* _Assigned task_:
Please restate the data that follows word for word, with the pictures left out.

* _Data block_:
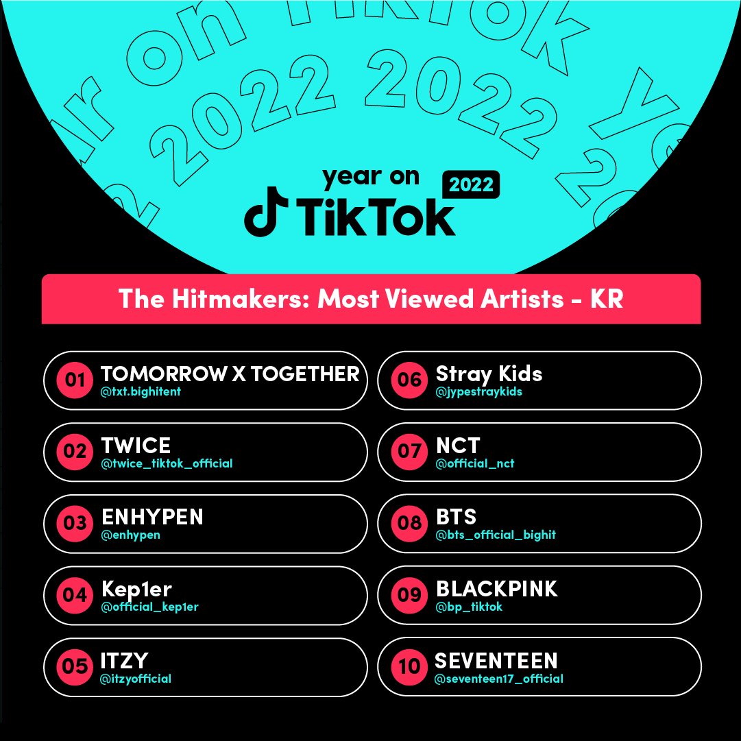 เมื่อวันที่ 7 ธันวาคม ตามเวลาเกาหลี แพลตฟอร์มโซเชียลมีเดียได้สรุป “ปีที่ผ่านมาบน TikTok” ด้วยรายชื่อ 10 อันดับแรกของศิลปินที่มีผู้ชมมากที่สุดของเกาหลี แทร็กยอดนิยม และศิลปินที่ได้รับผู้ติดตามใหม่มากที่สุดในปี 2022
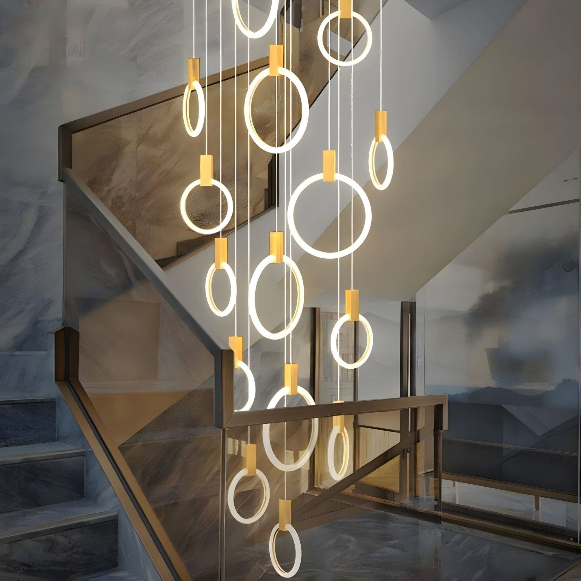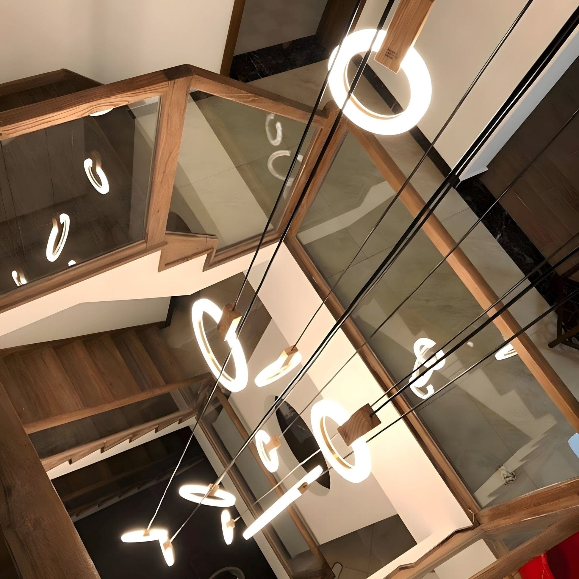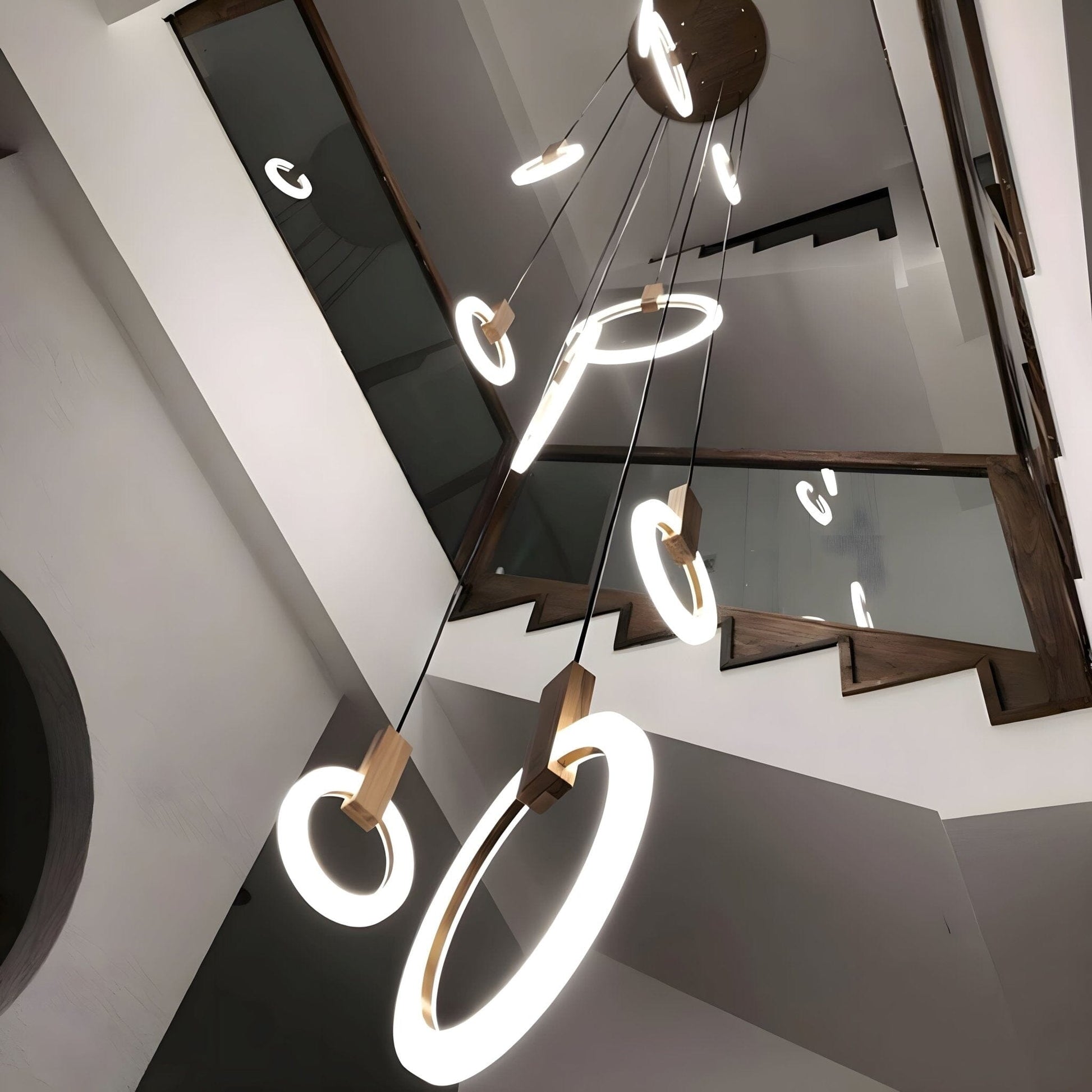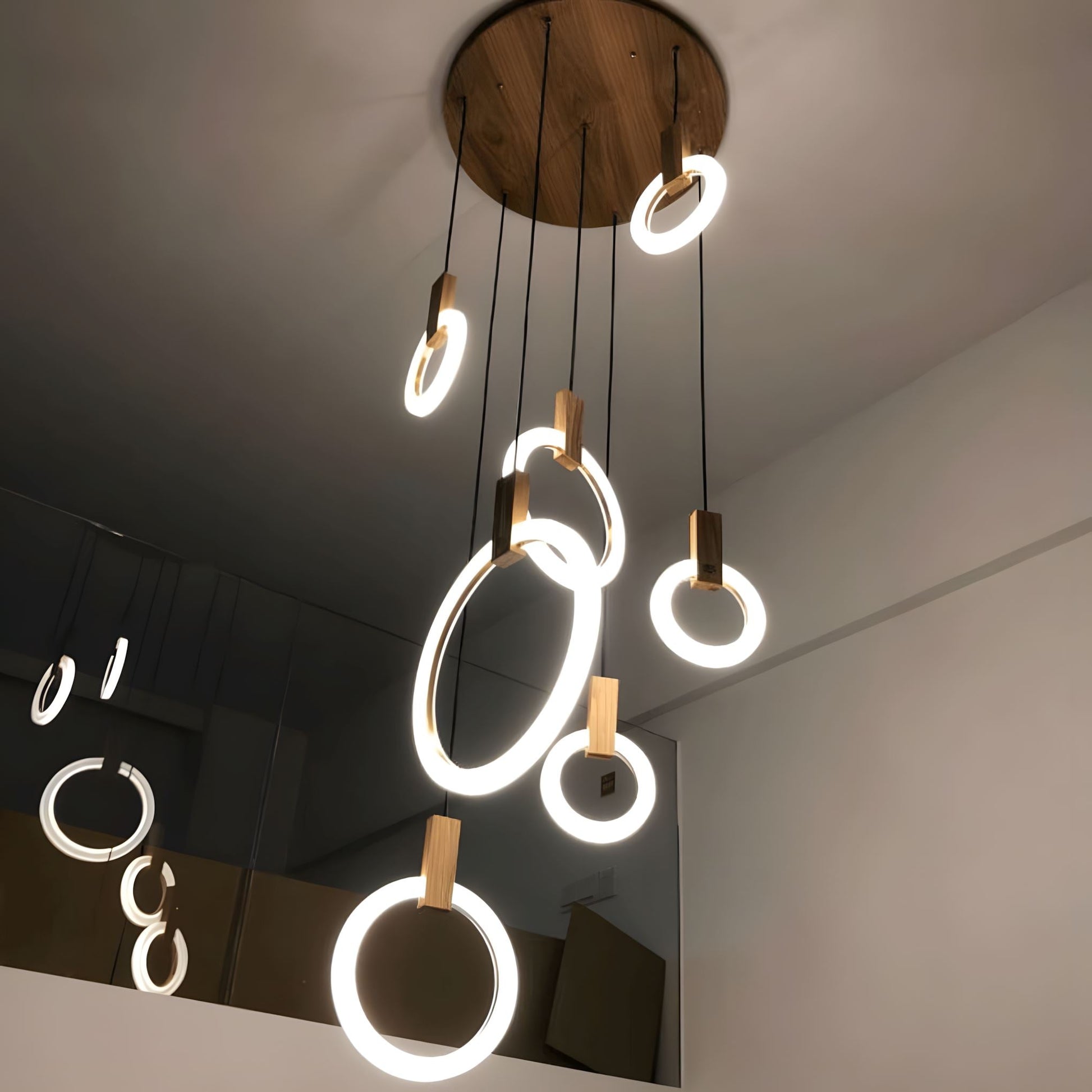 Customize the chandelier to suit your space, whether you choose a single light ring or an expansive eighteen-light ring structure. This chandelier is ideal for diverse settings such as a cozy living room, modern office, or grand entryway, adding a touch of elegance. It is particularly striking in stairways due to its length. If you are looking for a chic wooden pendant light that combines style with LED energy efficiency, this wooden light-tiered chandelier is the perfect choice.
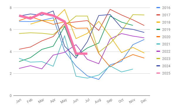 Ok, I guess it’s technically not August yet, but the trade deadline officially passed this afternoon, and the team are off today, so there’s no game to make a difference there. On the heels of a brutal July (9-16), the team were sellers for the first time since the 2022 campaign. In terms of volume, it certainly ranks in the biggest sell-offs in franchise history, though perhaps more due to expiring contracts rather than the team’s record. Of the 28 full seasons played by Arizona, there have been nine where the D=backs have had fewer wins through 109 games than they do this year. But this might be an interesting test of short- vs. long-term confidence. Did the team get worse in 2025, for a better 2026?
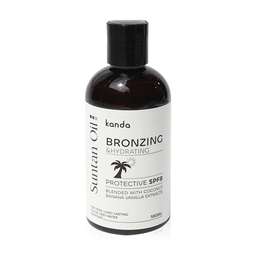 Kanda Suntan Oil Protective SPF8 180ml Gentle skin nourishing tanning oil Provides deep hydration Even dry, flaky skin is not sticky. Covers the skin evenly, giving the skin a healthy tan. With a mixture of natural oils obtained from coconut, sunflower and cocoa beans. With the relaxing scent of banana and vanilla. Feel the atmosphere of the Mediterranean Sea. and protect the skin from sunlight

* _Response below_:
 เมื่อวันที่ 7 ธันวาคม ตามเวลาเกาหลี แพลตฟอร์มโซเชียลมีเดียได้สรุป “ปีที่ผ่านมาบน TikTok” ด้วยรายชื่อ 10 อันดับแรกของศิลปินที่มีผู้ชมมากที่สุดของเกาหลี แทร็กยอดนิยม และศิลปินที่ได้รับผู้ติดตามใหม่มากที่สุดในปี 2022
 Customize the chandelier to suit your space, whether you choose a single light ring or an expansive eighteen-light ring structure. This chandelier is ideal for diverse settings such as a cozy living room, modern office, or grand entryway, adding a touch of elegance. It is particularly striking in stairways due to its length. If you are looking for a chic wooden pendant light that combines style with LED energy efficiency, this wooden light-tiered chandelier is the perfect choice.
 Ok, I guess it’s technically not August yet, but the trade deadline officially passed this afternoon, and the team are off today, so there’s no game to make a difference there. On the heels of a brutal July (9-16), the team were sellers for the first time since the 2022 campaign. In terms of volume, it certainly ranks in the biggest sell-offs in franchise history, though perhaps more due to expiring contracts rather than the team’s record. Of the 28 full seasons played by Arizona, there have been nine where the D=backs have had fewer wins through 109 games than they do this year. But this might be an interesting test of short- vs. long-term confidence. Did the team get worse in 2025, for a better 2026?
 Kanda Suntan Oil Protective SPF8 180ml Gentle skin nourishing tanning oil Provides deep hydration Even dry, flaky skin is not sticky. Covers the skin evenly, giving the skin a healthy tan. With a mixture of natural oils obtained from coconut, sunflower and cocoa beans. With the relaxing scent of banana and vanilla. Feel the atmosphere of the Mediterranean Sea. and protect the skin from sunlight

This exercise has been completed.